§ Problem statement: Reproduce the data below word for word, setting aside any picture it holds.

§ Exercise data:
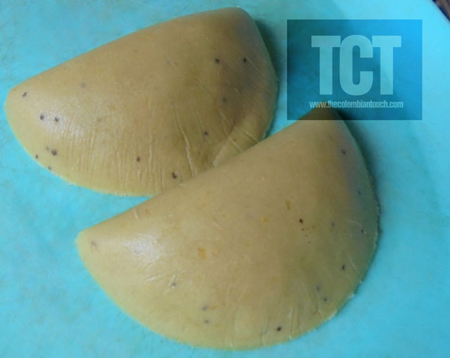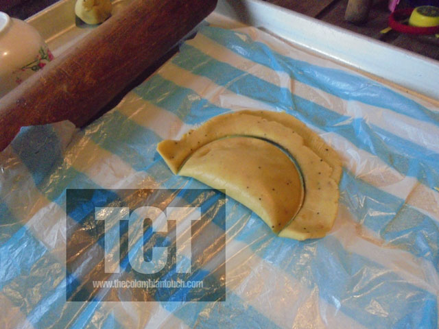 7. ponerle relleno aun lado, doblar, hacer la forma con un molde y sellar los bordes para que no se abran al freírlas.
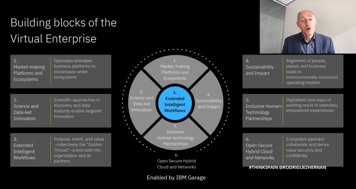 • Sostenibilidad, resiliencia, inteligencia artificial, cloud híbrida, transformación digital y computación cuántica son algunos de los temas que se trataron hoy en la primera jornada del Think Summit España 2021, el evento anual de referencia de IBM.
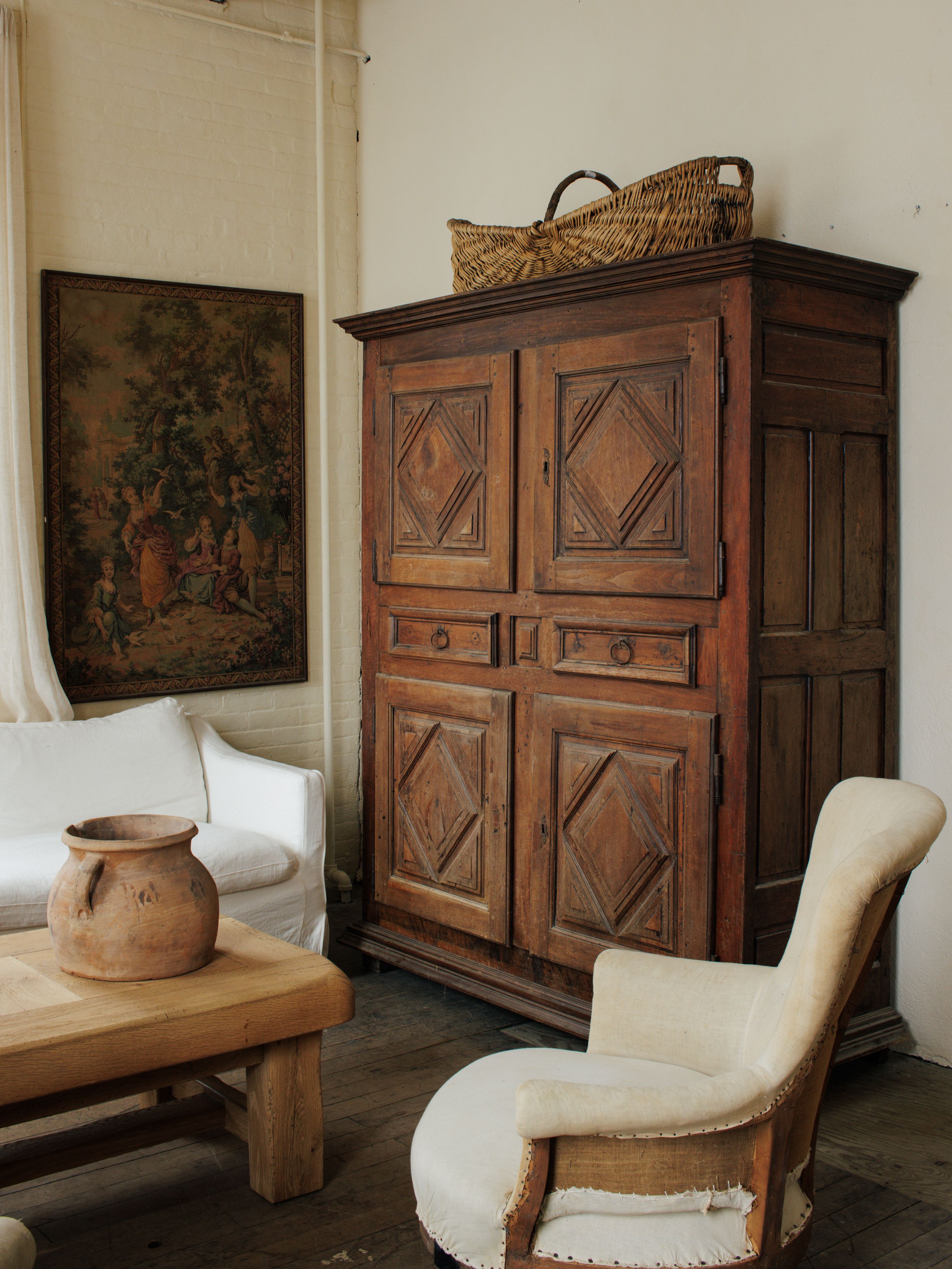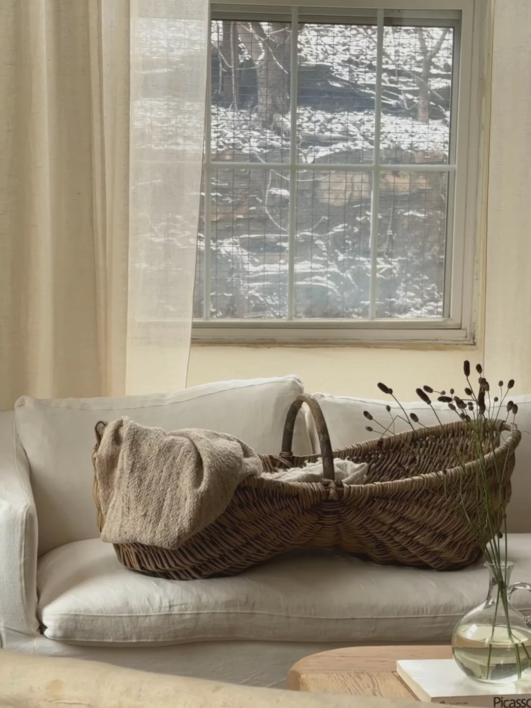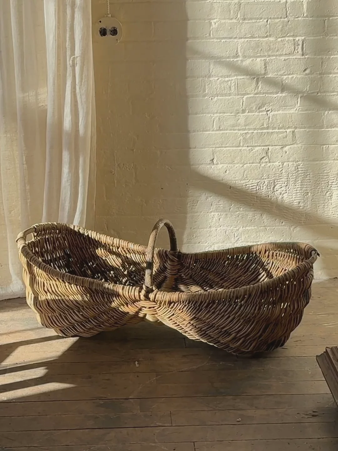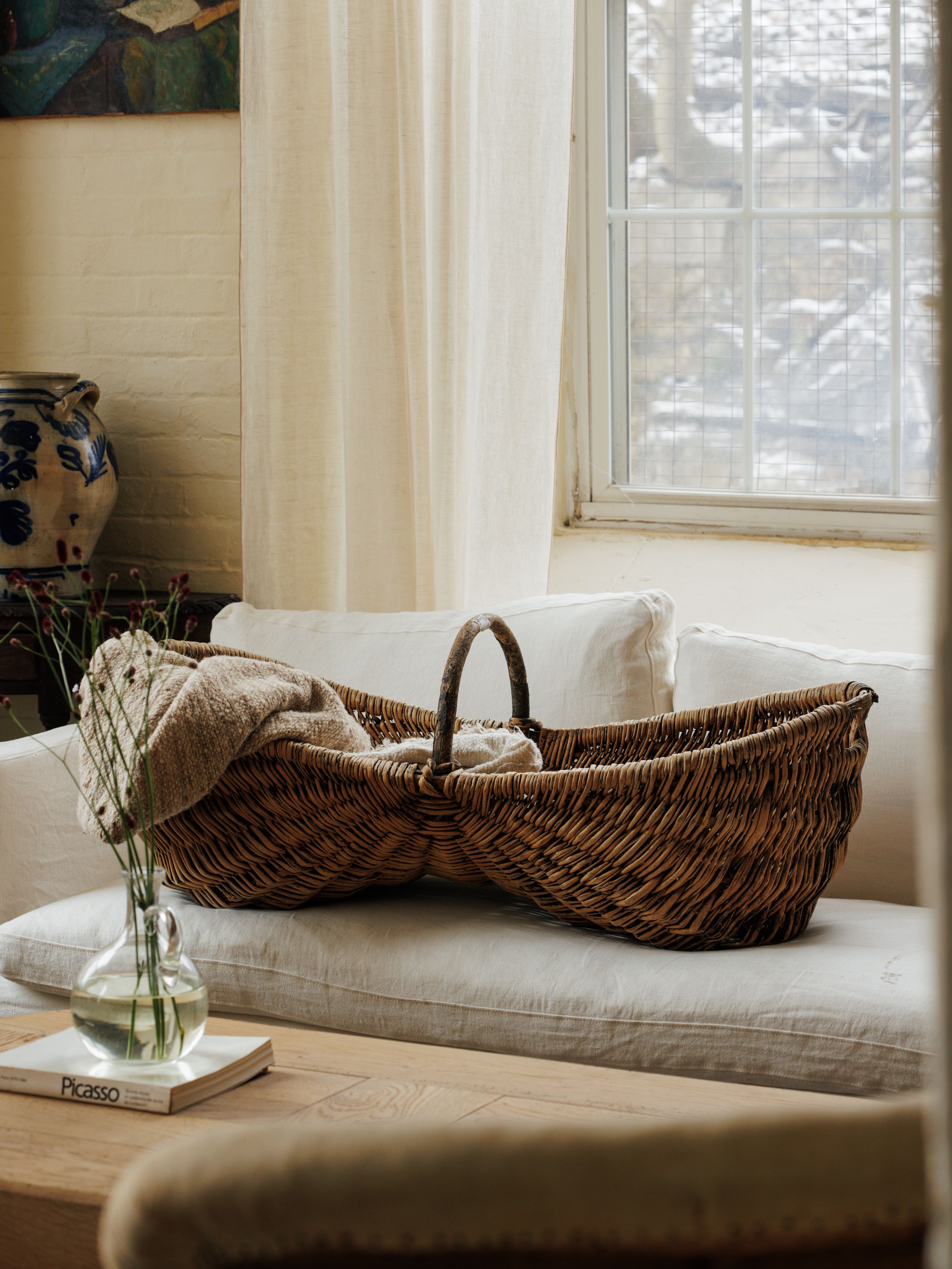 This 1920s grape harvesting basket from Normandy is the real deal. Handwoven with wicker over a wooden frame and topped with a curved bamboo handle, it’s the kind of piece that tells a story. Once used to gather grapes and apples, it’s aged beautifully, with a weathered finish that only gets better with time. Sylvie loves it packed with blankets on a cabinet top or casually leaning in a corner.
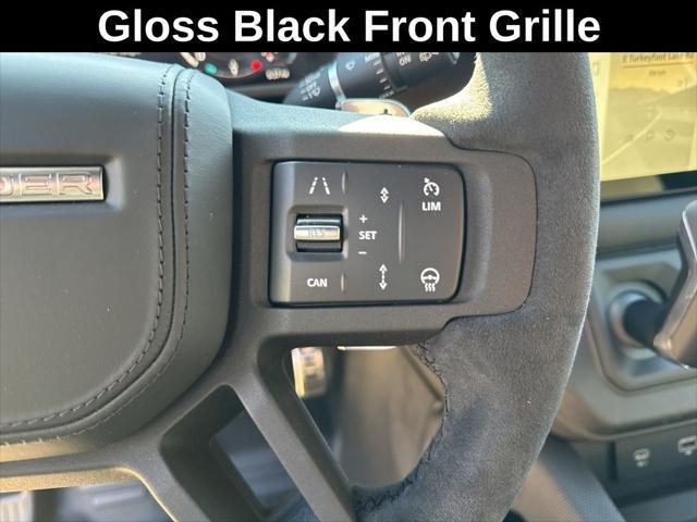 14-Way Heated & Cooled Electric Memory Front Seats, 15 Speakers, Adaptive suspension, Alloy wheels, AM/FM radio: SiriusXM, Apple CarPlay & Android Auto, Auto High-beam Headlights, Auto tilt-away steering wheel, Auto-dimming Rear-View mirror, Body Colored Spare Wheel Cover, Delay-off headlights, Extended Black Exterior Pack, Exterior Parking Camera Rear, Front Bucket Seats, Front Center Armrest, Fully automatic headlights, Garage door transmitter: HomeLink, Gloss Black Front Grille, Heads-Up Display, Heated front seats, Heated rear seats, Heated steering wheel, Illuminated entry, Memory seat, Navigation system: Connected Navigation PIVI Pro, Power moonroof, Power passenger seat, Radio data system, Radio: 700W 15 Speaker Meridian Surround Sound Sys, Split folding rear seat, Ventilated front seats, Weather band radio, Wheel Protection Pack, Wheels: 22'' Gloss Black Finish Style 5098. Carpathian Gray Premium Metallic 2024 Land Rover Defender 90 V8 4WD 8-Speed Automatic 5.0L V8

§ Answer for this exercise:
 7. ponerle relleno aun lado, doblar, hacer la forma con un molde y sellar los bordes para que no se abran al freírlas.
 • Sostenibilidad, resiliencia, inteligencia artificial, cloud híbrida, transformación digital y computación cuántica son algunos de los temas que se trataron hoy en la primera jornada del Think Summit España 2021, el evento anual de referencia de IBM.
 This 1920s grape harvesting basket from Normandy is the real deal. Handwoven with wicker over a wooden frame and topped with a curved bamboo handle, it’s the kind of piece that tells a story. Once used to gather grapes and apples, it’s aged beautifully, with a weathered finish that only gets better with time. Sylvie loves it packed with blankets on a cabinet top or casually leaning in a corner.
 14-Way Heated & Cooled Electric Memory Front Seats, 15 Speakers, Adaptive suspension, Alloy wheels, AM/FM radio: SiriusXM, Apple CarPlay & Android Auto, Auto High-beam Headlights, Auto tilt-away steering wheel, Auto-dimming Rear-View mirror, Body Colored Spare Wheel Cover, Delay-off headlights, Extended Black Exterior Pack, Exterior Parking Camera Rear, Front Bucket Seats, Front Center Armrest, Fully automatic headlights, Garage door transmitter: HomeLink, Gloss Black Front Grille, Heads-Up Display, Heated front seats, Heated rear seats, Heated steering wheel, Illuminated entry, Memory seat, Navigation system: Connected Navigation PIVI Pro, Power moonroof, Power passenger seat, Radio data system, Radio: 700W 15 Speaker Meridian Surround Sound Sys, Split folding rear seat, Ventilated front seats, Weather band radio, Wheel Protection Pack, Wheels: 22'' Gloss Black Finish Style 5098. Carpathian Gray Premium Metallic 2024 Land Rover Defender 90 V8 4WD 8-Speed Automatic 5.0L V8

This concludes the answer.